Key changes impacting 2026 tax filing —  in 2027

The biggest shift for 2026 tax filing, when returns are submitted in 2027, is that these rules are no longer theoretical. The IRS has finalized the list of qualifying occupations and tied them directly to reporting requirements, meaning both employees and employers are expected to follow a consistent framework.

Employers will play a larger role by identifying occupations and properly reporting tip income, while employees will need to make sure their records match what is reported on their forms. There is also clearer guidance around digital tips, tip-sharing arrangements, and the distinction between tips and service charges. Together, these changes make the process more structured, and leave less room for error when claiming the deduction.

What employers need to do

Starting in 2026, employers must adjust payroll systems to track qualified voluntary tips separately, as employees are allowed to deduct up to $25,000 in tip income from federal taxes. While federal income tax withholding on tips may decrease, employers must still withhold Social Security and Medicare taxes and report all tip income on Form W-2.

In addition to ensuring that all tips are properly reported, employers must also verify that employees are assigned the correct TTOC codes and confirm these codes appear in Box 14B of the W-2 issued in January 2027.

For small businesses that rely on tipped employees, access to a tax deduction of up to $25,000 can be more than just a financial advantage. It can also meaningfully improve both retention and morale. By passing this benefit along, employers have a clear way to increase take-home earnings without raising base wages, helping staff feel more valued in industries where income can fluctuate.

At the same time, this deduction can ease payroll pressure and free up resources for other investments, creating a rare outcome where both the business and its employees come out ahead.

What employees need to do

As these rules take hold, employees should pay closer attention to how their work is classified. The first step is confirming that their occupation matches one of the IRS’s listed codes, not just in name, but in how the job is actually performed.

It’s also important to review how tips are reported. Employees should make sure tip income on their W-2 or 1099 aligns with their own records, and that amounts labeled as tips aren’t actually service charges. Even small inconsistencies could affect eligibility.

Finally, keep an eye on income limits and documentation. The deduction may phase out at higher income levels, and having clear records of tip income and job classification will matter if questions come up later.

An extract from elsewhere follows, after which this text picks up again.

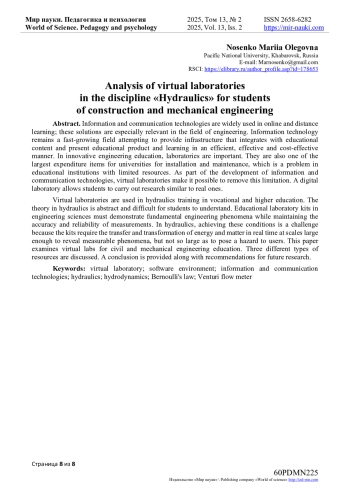 Информационно-коммуникационные технологии широко применяются в онлайн- и дистанционном обучении, особенно актуальны эти решения в области инжиниринга. Информационные технологии остаются быстрорастущим направлением, пытающуюся предоставить инфраструктуру, которая интегрируется в учебный контент, и представлять образовательный продукт и обучение эффективно, действенно и экономически выгодно. В инновационном инженерном образовании значимыми являются лаборатории. Они же являются одной из самых больших статей расходов университетов на установку и обслуживание, что является проблемой в образовательных учреждениях с ограниченными средствами. В рамках развития информационно-коммуникационных технологий виртуальные лаборатории позволяют снять это ограничение. Цифровая лаборатория дает возможность обучающимся выполнять исследования, аналогичные настоящим. Виртуальные лаборатории используются в обучении гидравлики в профессиональном и высшем образовании. Теория в гидравлике абстрактна и сложна для понимания студентов. Учебные лабораторные комплекты по инженерным наукам должны демонстрировать основополагающие инженерные явления, сохраняя при этом точность и достоверность измерений. В гидравлике достижение этих условий представляет собой проблему, поскольку комплекты требуют переноса и преобразования энергии и вещества в реальном времени в масштабах, достаточно больших, чтобы выявлять измеримые явления, но не настолько больших, чтобы представлять опасность для пользователей. В настоящей статье рассматривается виртуальные лабораторные работы для инженерного образования в области строительства и механики. Автором обсуждаются три различных вида ресурсов. Дается заключение вместе с рекомендациями для будущих исследований.

What CPA firms should watch out for

CPA firms will need to take a more active role in both classification and reporting as these rules move into full effect. For individual clients, that starts with confirming the correct occupational code and making sure tip income is fully and properly reported. Firms should also help clients distinguish between tips and service charges and reconcile amounts reported on tax forms.

For business clients, the focus shifts to compliance and systems. Employers should be guided on assigning the correct occupational codes, updating payroll processes, and accurately reporting tip income on W-2s and 1099s. Clear processes on the front end can prevent confusion later.

CPA firms can also help review tip-sharing arrangements and service charge policies to ensure they align with IRS definitions. Getting these details right up front will reduce errors, avoid potential disputes, and make year-end reporting much smoother for everyone involved.

Preparing for No Tax on Tips in 2026

What started as a simple idea has now turned into a set of very specific rules for the No Tax on Tips deduction. For 2026, the difference between a smooth filing and a missed opportunity will come down to classification, reporting, and attention to detail. Those who get it right early won’t just stay compliant. They’ll keep more of what they earn.